Message ID | 20241212073711.82300-1-21cnbao@gmail.com (mailing list archive) |
---|---|
State | New |
Headers | show |
Series | [RFC] mm: map zero-filled pages to zero_pfn while doing swap-in | expand |
On Thu, Dec 12, 2024 at 08:37:11PM +1300, Barry Song wrote: > From: Barry Song <v-songbaohua@oppo.com> > > While developing the zeromap series, Usama observed that certain > workloads may contain over 10% zero-filled pages. This may present > an opportunity to save memory by mapping zero-filled pages to zero_pfn > in do_swap_page(). If a write occurs later, do_wp_page() can > allocate a new page using the Copy-on-Write mechanism. Shouldn't this be done during, or rather instead of swap out instead? Swapping all zero pages out just to optimize the in-memory representation on seems rather backwards.

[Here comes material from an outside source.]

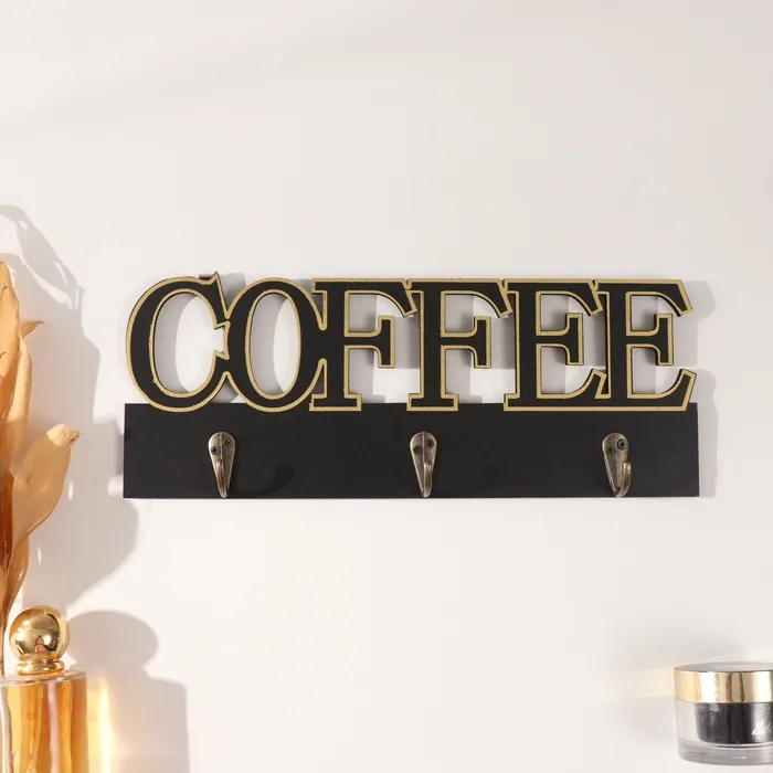 Настенные крючки декоративные «Кофе», дерево, чёрный с золотом, 3×30×12 см

On Thu, Dec 12, 2024 at 9:29 PM Christoph Hellwig <hch@infradead.org> wrote: > > On Thu, Dec 12, 2024 at 08:37:11PM +1300, Barry Song wrote: > > From: Barry Song <v-songbaohua@oppo.com> > > > > While developing the zeromap series, Usama observed that certain > > workloads may contain over 10% zero-filled pages. This may present > > an opportunity to save memory by mapping zero-filled pages to zero_pfn > > in do_swap_page(). If a write occurs later, do_wp_page() can > > allocate a new page using the Copy-on-Write mechanism. > > Shouldn't this be done during, or rather instead of swap out instead? > Swapping all zero pages out just to optimize the in-memory > representation on seems rather backwards. I’m having trouble understanding your point—it seems like you might not have fully read the code. :-) The situation is as follows: for a zero-filled page, we are currently allocating a new page unconditionally. By mapping this zero-filled page to zero_pfn, we could save the memory used by this page. We don't need to allocate the memory until the page is written(which may never happen). > Thanks Barry
On Thu, Dec 12, 2024 at 09:46:03PM +1300, Barry Song wrote: > On Thu, Dec 12, 2024 at 9:29 PM Christoph Hellwig <hch@infradead.org> wrote: > > > > On Thu, Dec 12, 2024 at 08:37:11PM +1300, Barry Song wrote: > > > From: Barry Song <v-songbaohua@oppo.com> > > > > > > While developing the zeromap series, Usama observed that certain > > > workloads may contain over 10% zero-filled pages. This may present > > > an opportunity to save memory by mapping zero-filled pages to zero_pfn > > > in do_swap_page(). If a write occurs later, do_wp_page() can > > > allocate a new page using the Copy-on-Write mechanism. > > > > Shouldn't this be done during, or rather instead of swap out instead? > > Swapping all zero pages out just to optimize the in-memory > > representation on seems rather backwards. > > I’m having trouble understanding your point—it seems like you might > not have fully read the code. :-) I've not read the code at all, I've read your commit log. > The situation is as follows: for a zero-filled page, we are currently > allocating a new > page unconditionally. By mapping this zero-filled page to zero_pfn, we could > save the memory used by this page. Yes. But why do that in swap-in and not swap-out?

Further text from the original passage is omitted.